Source: http://procurementopportunities.biz/wp-content/uploads/2012/02/black-history-month.jpg

This article won’t really focus on black people who have made history; there are too many of us who have done that. That’s not to say there won’t be highlights such as Allensworth, the only California community to be founded, financed and governed by African-Americans. It was created by Allen Allensworth in 1908, with the intention of establishing a self-sufficient, all-black city where African-Americans could live their lives free of racial discrimination.

What I’m more interested in is what does Black History Month truly means and why  it still exists. For me, black history is something I breathe and live every day. Black History Month is something that is good for the black community and America as a whole. It is largely misconstrued in its purpose. A lot of people and institutions spend so much time focusing on blacks during Black History Month that it seems like a target month more than a month of tribute, honor and homage to those who have helped to pave the way to help blacks be successful today.

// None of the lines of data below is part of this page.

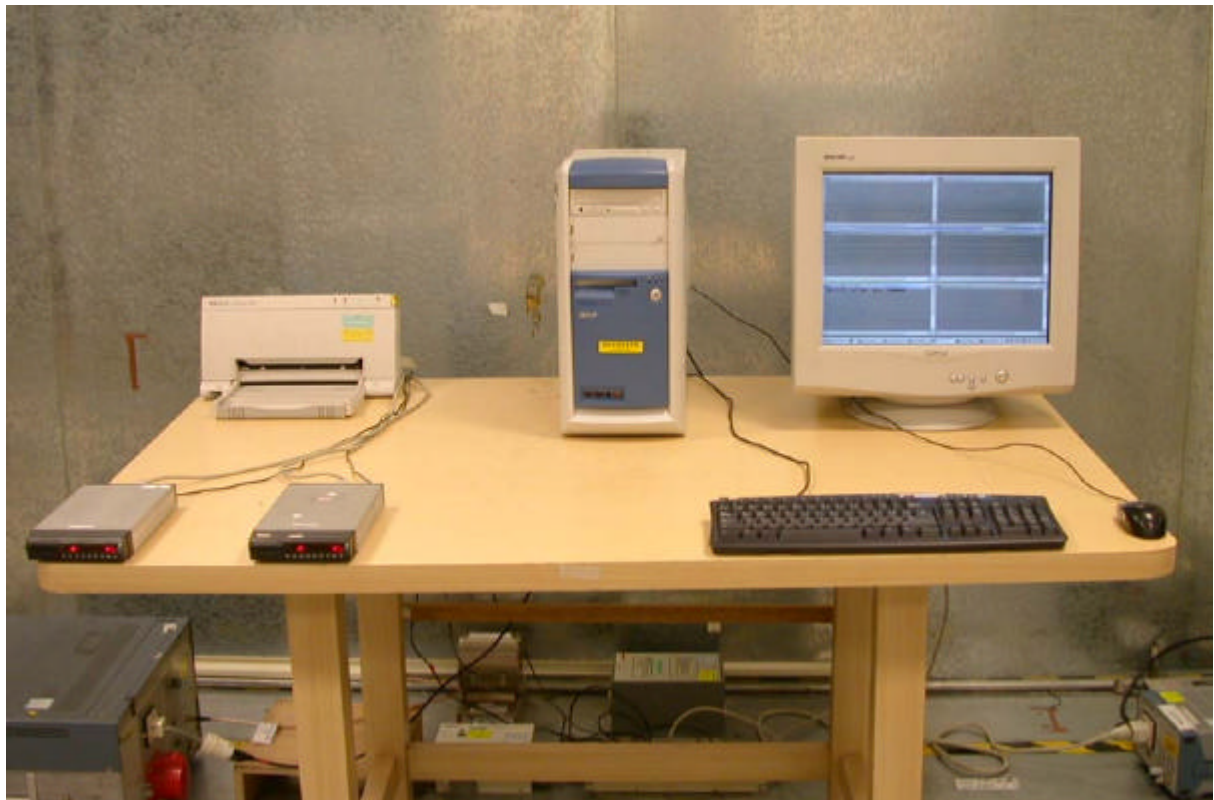
The Front View of Highest Conducted Set-up For EUT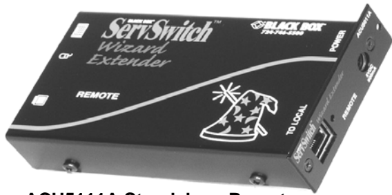
ACU5111A Standalone Remote Unit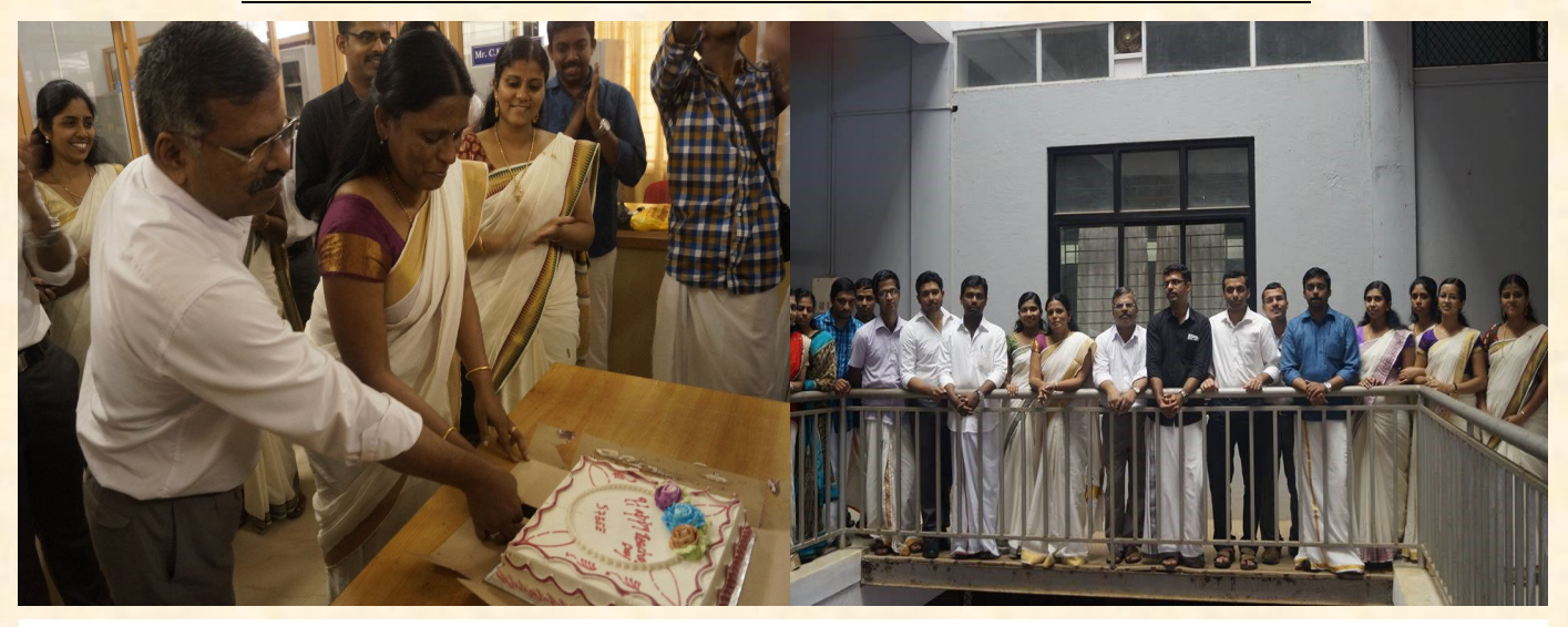
Dept. of EEE celebrated Onam 2014 & Teacher's day on 5th September.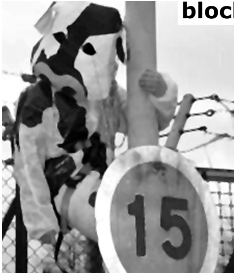
Cow scales lampost in Basingstoke

On Feb 22 nd five of supermarket chain Sainsbury's Regional Distribution Centres (RDCs) were simultaneously blockaded. The actions commenced at 10:30am blocking depots in Basingstoke, Hampshire; East Kilbride, near Glasgow; Elstree, North London; Maidstone, Kent and Stone, Staffordshire.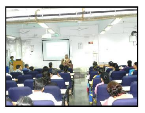
HOD addressing Parents- Proctor Meeting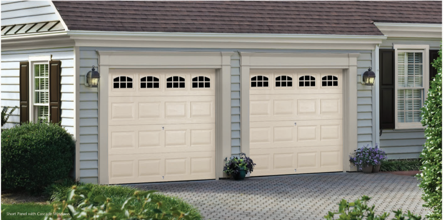
Short Panel with Cascade Windows

When it comes to ultimate protection, the Olympus stands tall. With triple-layer construction, a thermal seal, and superior insulation R-value of 19.40 or 14.46, these durable, low-maintenance doors give you the ultimate in quiet operation and energy efficiency.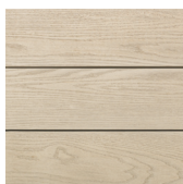
Limed Oak MDE176L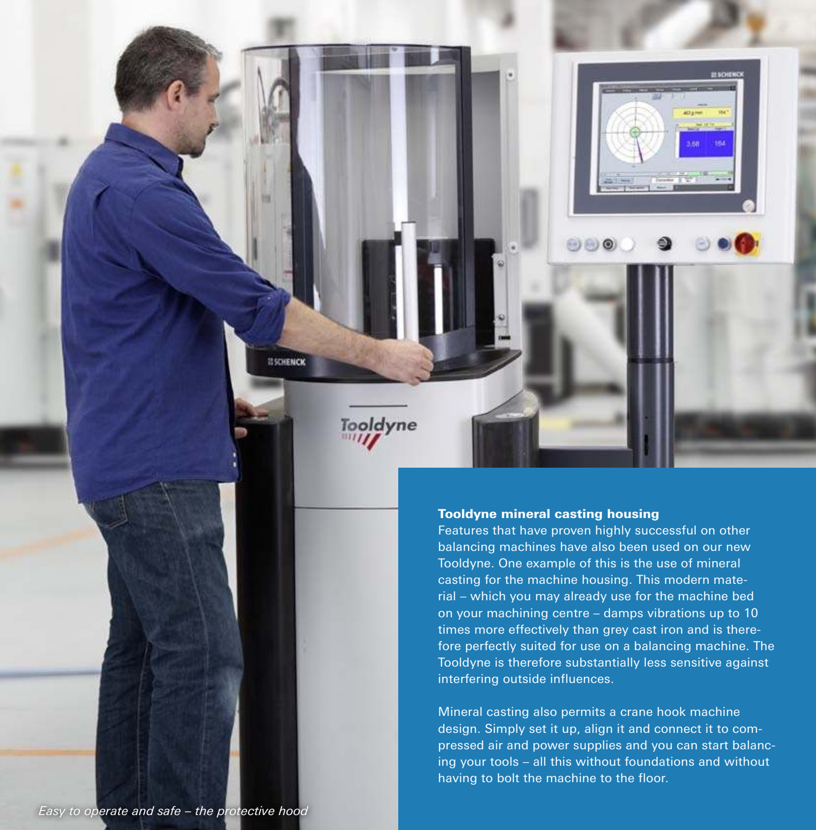
Easy to operate and safe – the protective hood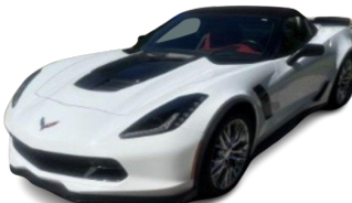
2019 Arctic White Z06 3LZ Auto Conv.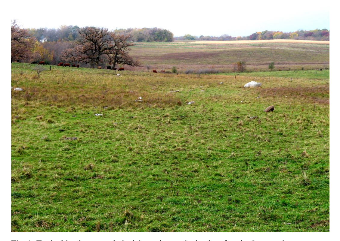
Fig. 1: Typical landscape and glacial erratics on the land surface in the mapping area.

The land surface of the Colwell 7.5' Quadrangle is almost completely covered by Quaternary sediments. In terms of landforms, this quadrangle lies in the Iowan Surface landform region where the land surface has been modified by various episodes of erosion before and during the Wisconsin-age glacial events (Prior, 1991). Due to extensive glacial and erosional activities, the landscape of this area is characterized by relatively low topographic relief, slightly inclined to gently rolling with long slopes, and open horizons. This landform region also features common fieldstones of glacial origin known as glacial erratics (Fig. 1). Two major rivers of north-central Iowa, the Wapsipinicon River in the eastern part and the Little Cedar River in southwest corner of the quadrangle, run through the mapping area.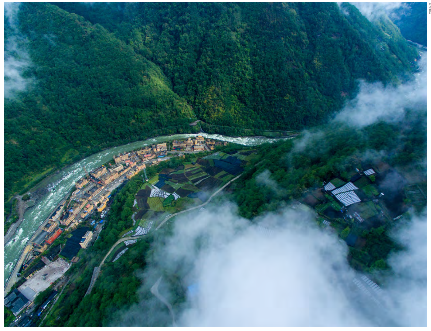
An aerial view of Dulongjiang Township in Gongshan Dulong-Nu Autonomous County, southwest China's Yunnan Province, on April 18

Yunnan, which borders Myanmar, Laos and Viet Nam, has 25 ethnic minorities. The vast mountainous areas in the

Something else that interests me about Black History month is the amount of lies that are either passed off as or neglected as Black history. For example, many don’t know that Elvis Presley stole much of his music from Black musicians such as Little Walters and Willie Mae “Big Mama” Thornton. Lincoln did not free the slaves from the goodness of his heart. He was a man with a plan: he wanted to win a war, and knew he couldn’t do it without freeing the slaves.
Black History Month cannot be mentioned without racial discrimination being brought up as well. It is something that is still being fought today. I know that a lot of people would like to believe that it doesn’t exist and that everyone is the same, but that’s  simply not the case. There will always be racial discrimination as long as it is not talked about and brought to light. Rather than practicing color blindness, which rejects that there is still racial discrimination and even that racial minorities still have social issues to deal with, Georgetown College has made attempts to reconcile the racial differences some may have. The fact that this article exists is proof that Georgetown College is trying to make a difference. The diversity programs are another effort. Fifty years ago, a step team wouldn’t have even been an option at this institution, and neither would a gospel choir. Georgetown has both of those and other events and opportunities that allow minorities to hold true to themselves.

Information for this article obtained at: historynet.com and ashbrook.org.